Hierarchical text categorization

The Watson Natural Language Processing Categories block assigns individual nodes within a hierarchical taxonomy to an input document. For example, in the text IBM announces new advances in quantum computing, examples of extracted categories are technology and computing/hardware/computer and technology and computing/operating systems. These categories represent level 3 and level 2 nodes in a hierarchical taxonomy.

This block differs from the Classification block in that training starts from a set of seed phrases associated with each node in the taxonomy, and does not require labeled documents.

Note that the Hierarchical text categorization block can only be used in a notebook that is started in an environment based on Runtime 23.1 that includes the Watson Natural Language Processing library.

Block name

categories_esa_en_stock

Supported languages

The Categories block is available for the following languages. For a list of the language codes and the corresponding language, see Language codes.

de, en

Capabilities

Use this block to determine the topics of documents on the web by categorizing web pages into a taxonomy of general domain topics, for ad placement and content recommendation. The model was tested on data from news reports and general web pages.

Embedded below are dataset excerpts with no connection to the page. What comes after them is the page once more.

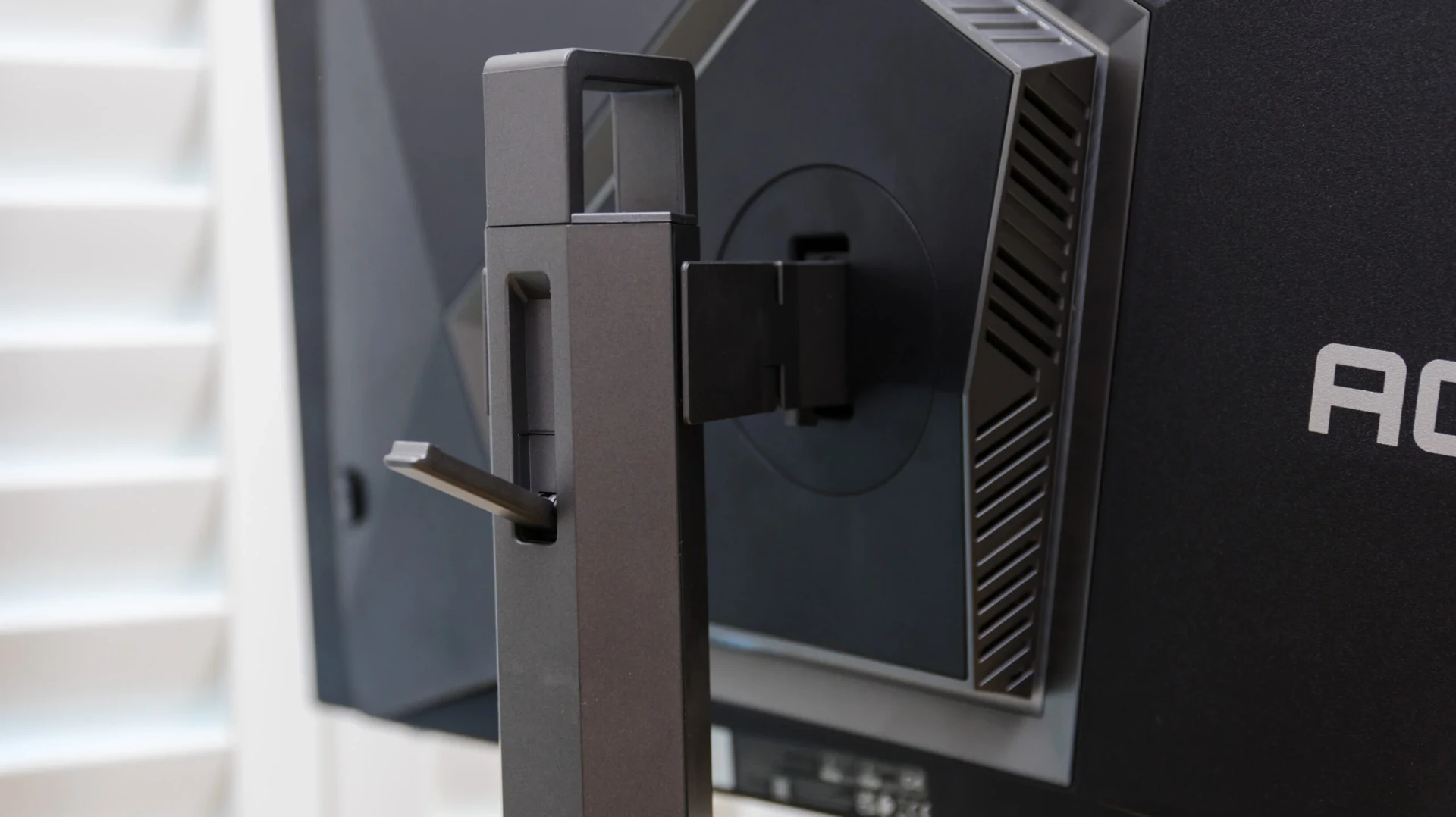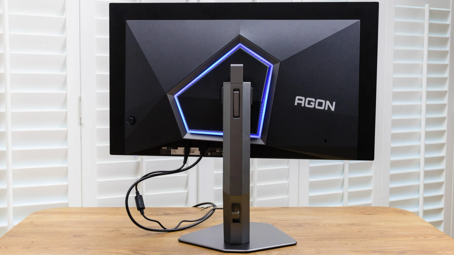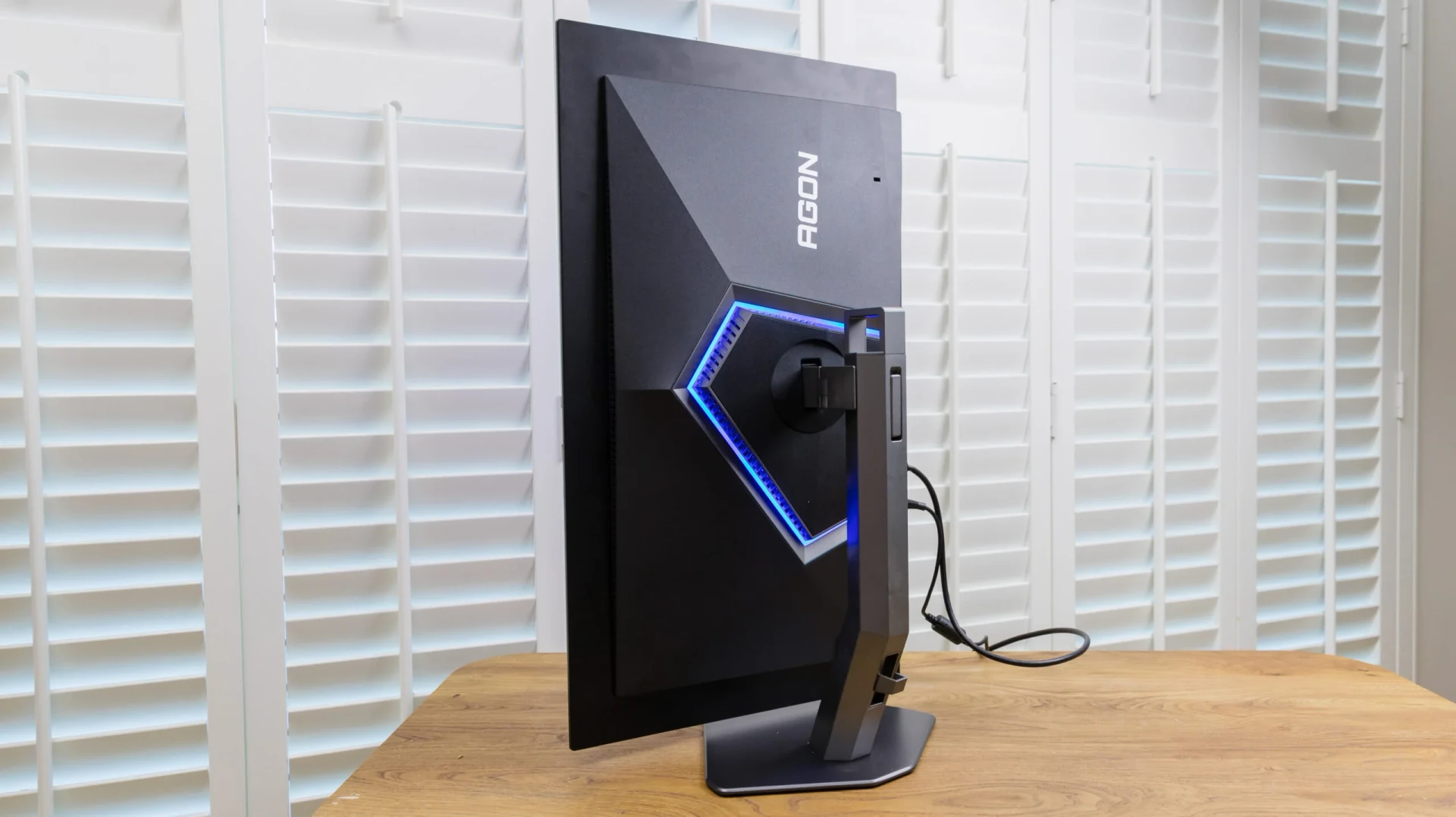 Mặc dù sử dụng cùng tấm nền W-OLED do LG sản xuất như các đối thủ, Agon Pro tạo điểm nhấn bằng ngôn ngữ thiết kế bất đối xứng. Vỏ máy phía sau có các góc cạnh lệch tâm, kết hợp cùng dải đèn LED đa giác và nút điều khiển OSD cũng được đặt lệch một bên một cách có chủ ý.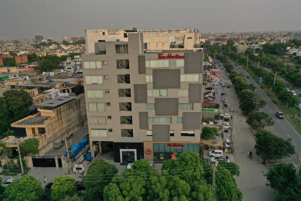 This property at 246 D2 Johar Town Lahore consists of a total of Ground + 6 floors, with a covered area of 1 Kanal. It features 26 well-designed apartments, including 7 single-bedroom apartments and 19 double-bedroom apartments. The single-bedroom apartments offer a gross area of 525.9 Sqft, while the double-bedroom apartments range in size from 767.6 Sqft to 1008 Sqft, with some offering 915.3 Sqft. Each apartment comes with an attached washroom, an open kitchen, and dedicated parking.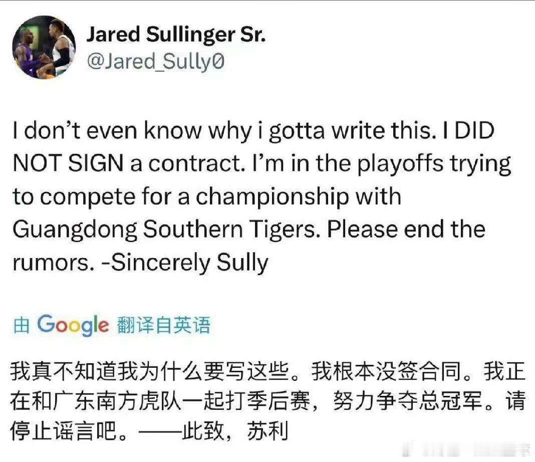 萨林杰亲自下场辟谣!海外签约传闻纯属谣言萨林杰本人已经在社交媒体上发声澄清了!网上那些说他已经敲定海外联赛合同、打完季后赛就走人的消息,全部都是假的!萨林杰本人明确表态:他从来没有签过任何海外球队,自己现在心无杂念,一门心思跟着广东宏远打季后赛,全队唯一目标就是冲击总冠军!希望大家别再被假消息带节奏,给球员一个安静的备战环境,专心看球!广东宏远CBA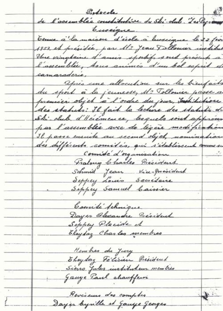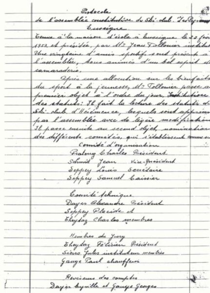Le Ski Club Les Pyramides a été fondé à Euseigne en 1953. Il avait pour but le développement et l’apprentissage du ski pour les gens du village. Au fil des ans, les activités se sont diversifiées avec l’organisation de divers concours de ski, du Cross du Bisse ainsi que de l’équipement de la Cabane des Ecoulaies. Vous trouverez ci-dessous, quelques documents en lien avec l’histoire du club.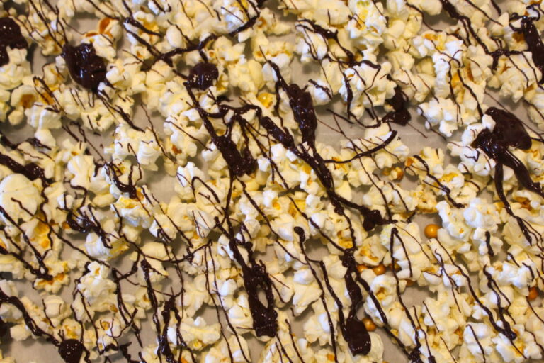 - Melt down the chocolate in 30 second intervals then drizzle all over the top of the popcorn.

For a list of the categories that can be returned, see Category types.

Dependencies on other blocks

The following block must run before you can run the hierarchical categorization block:

  • syntax_izumo_<language>_stock

Code sample

import watson_nlp

# Load Syntax and a Categories model for English
syntax_model = watson_nlp.load('syntax_izumo_en_stock')
categories_model = watson_nlp.load('categories_esa_en_stock')

# Run the syntax model on the input text
syntax_prediction = syntax_model.run('IBM announced new advances in quantum computing')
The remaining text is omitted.